Light at the end of the tunnel for economic growth
A report out of the USA shows that the franchise sector created 27 913 jobs in June alone - the highest monthly number in the past year - bringing the annual number of employment opportunities in the market to more than 175 000, according to the ADP National Franchise Report. There is no question that the trend in franchise growth in the US is upward and whilst challenges still exist in our own industry, South Africa's community of franchisors are a resilient bunch who won't let anything get in their way to business success. This can be borne out by the encouraging results of listed franchise companies and of those going all out to expand their brands.
Figures released by the Bureau for Economic Research (BER) on the consumer confidence index shows consumer confidence bouncing back from a nine-year low - from -7 in the first quarter of 2013 to an encouraging 1 in the second quarter. This signals a recovery in the main economic engine - that of household spending - across all income and population groups. Boosted by the improvement in retail and car sales, but still under the threat of record high fuel prices, rising food inflation, muted job creation and slower growth in government, FNB's economist Sizwe Nxedlana warns that in order for the rise in consumer confidence levels to translate into a more permanent improvement in household consumption expenditure, "there also needs to be a sustained recovery in real disposable income growth and household credit extension."
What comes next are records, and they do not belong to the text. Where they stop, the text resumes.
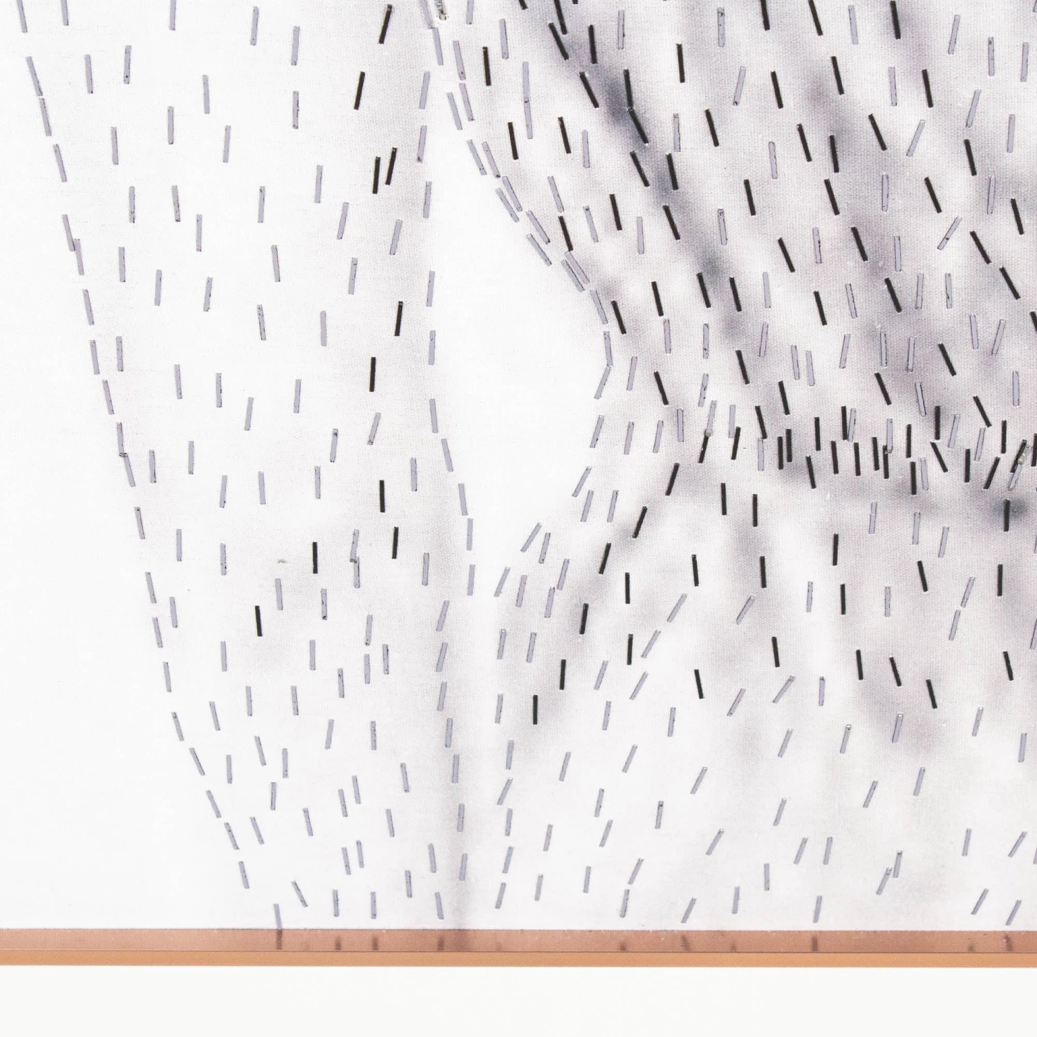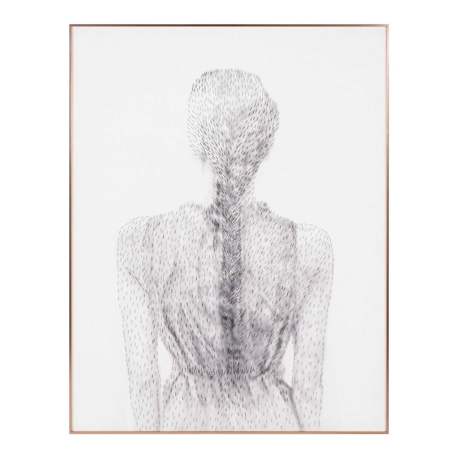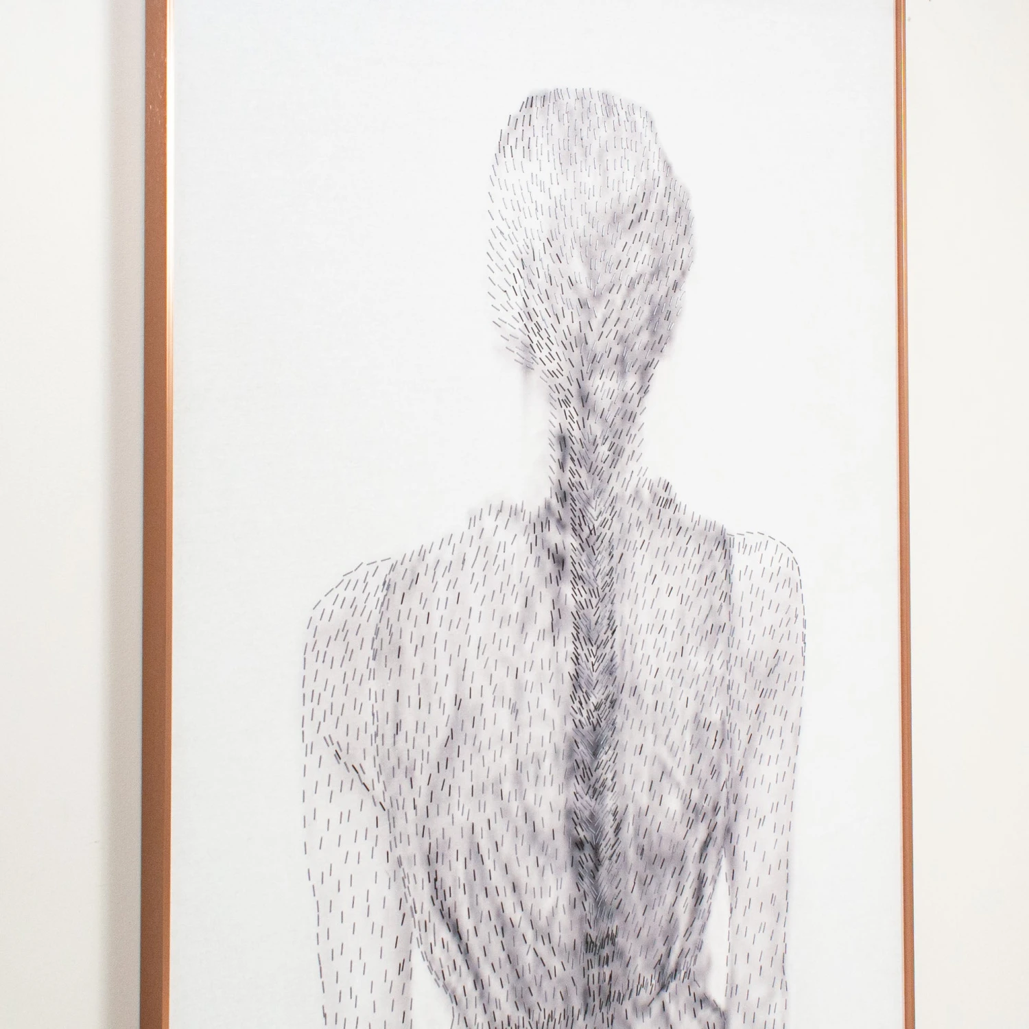 From the Tat Frederick studio, ‘Girl With Braid’ is comprised of staples in various sizes that form the depiction of a girl. Framed in rose gold metal.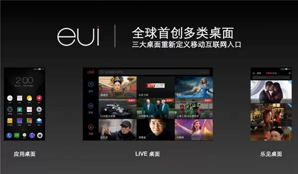 在做手机的时候,以视频内容见长的乐视将自己的最大优势深度结合了进去。例如在新发布的手机上可以实现三种桌面,除了我们最常用的“应用(APP)桌面”之外,还能够实现横屏模式的“LIVE桌面”,可以在手机上同时开9个屏幕,其中3个播放视频直播节目,当然大部分节目都是乐视拥有独家版权的视频节目。此外,用户还可以实现“乐见桌面”,打破应用与UI边界,视频即入口,这仍然是围绕乐视见长的视频大做文章。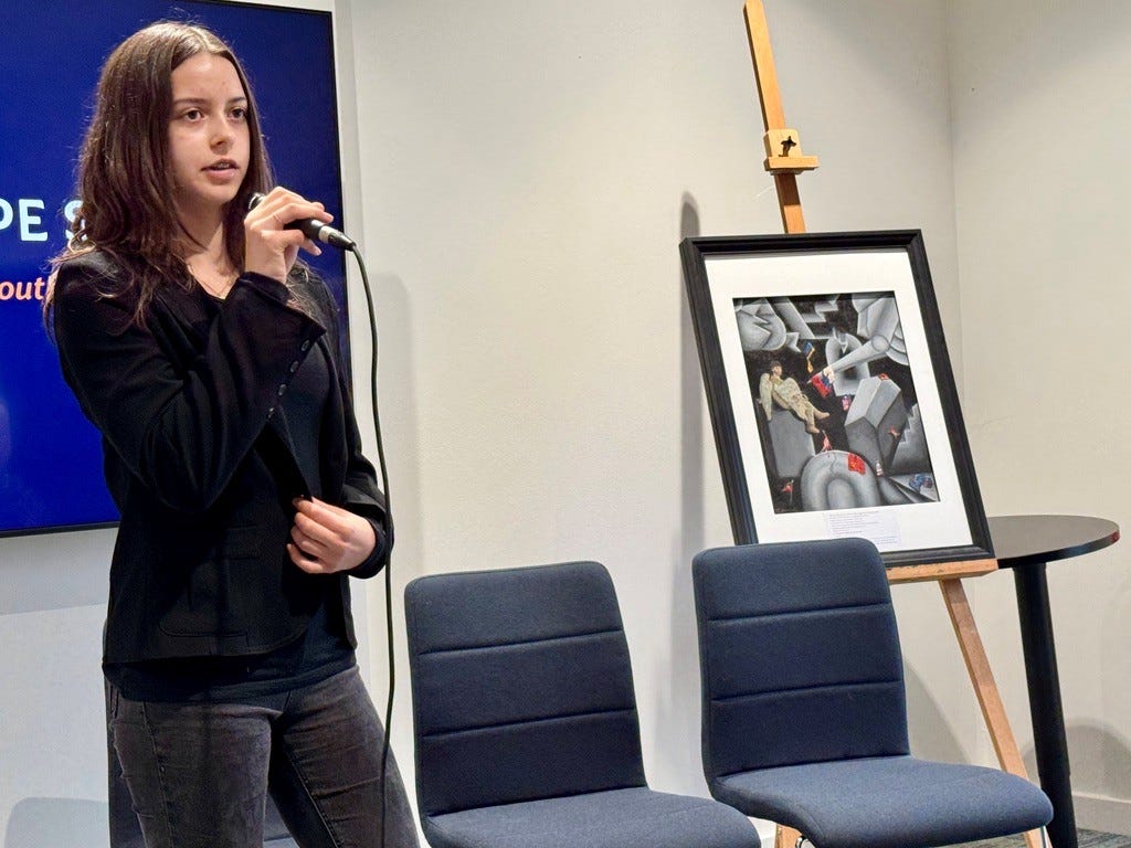Peace Collective member Bruce Cornwell described past successful protests, and discussed potential future actions. Emerging activists, too, stood up to be counted: Year 11 student, Matilda Emmerich, already an artist and poet, presented her work, Where Hope Sits, giving older activists hope for the future.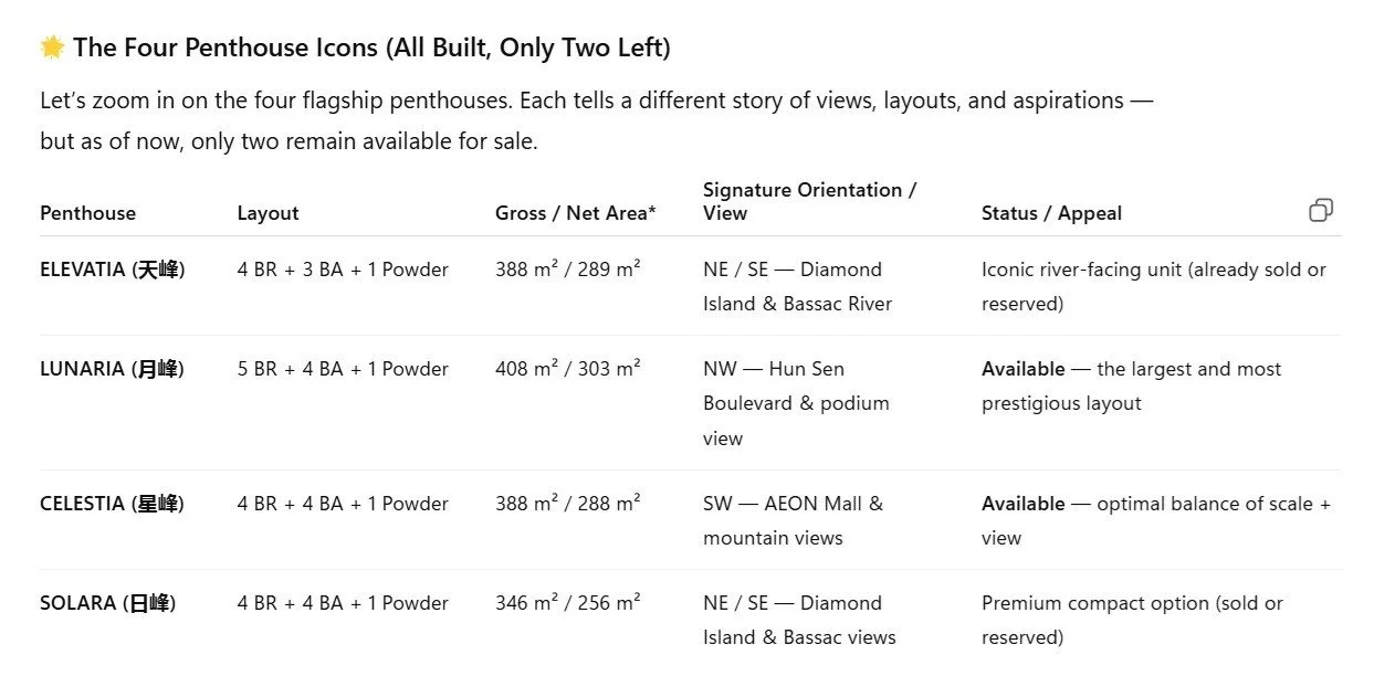 You see the narrative: while ELEVATIA and SOLARA helped shape the penthouse collection’s identity, they are no longer on the market. That makes Lunaria and Celestia your only direct gateway to penthouse living in Phase 2.

An analysis of the survey results by household income group shows that, although consumer confidence levels improved across the board during the 2nd quarter of 2013, the rise was larger and the actual levels remain higher for middle and high income consumers compared to the low income group earning less than R2 000 per month. As a result middle and high income consumers are notable more optimistic about the outlook for their household finances and less concerned about the appropriateness of the present time to buy durable goods compared to low income consumers.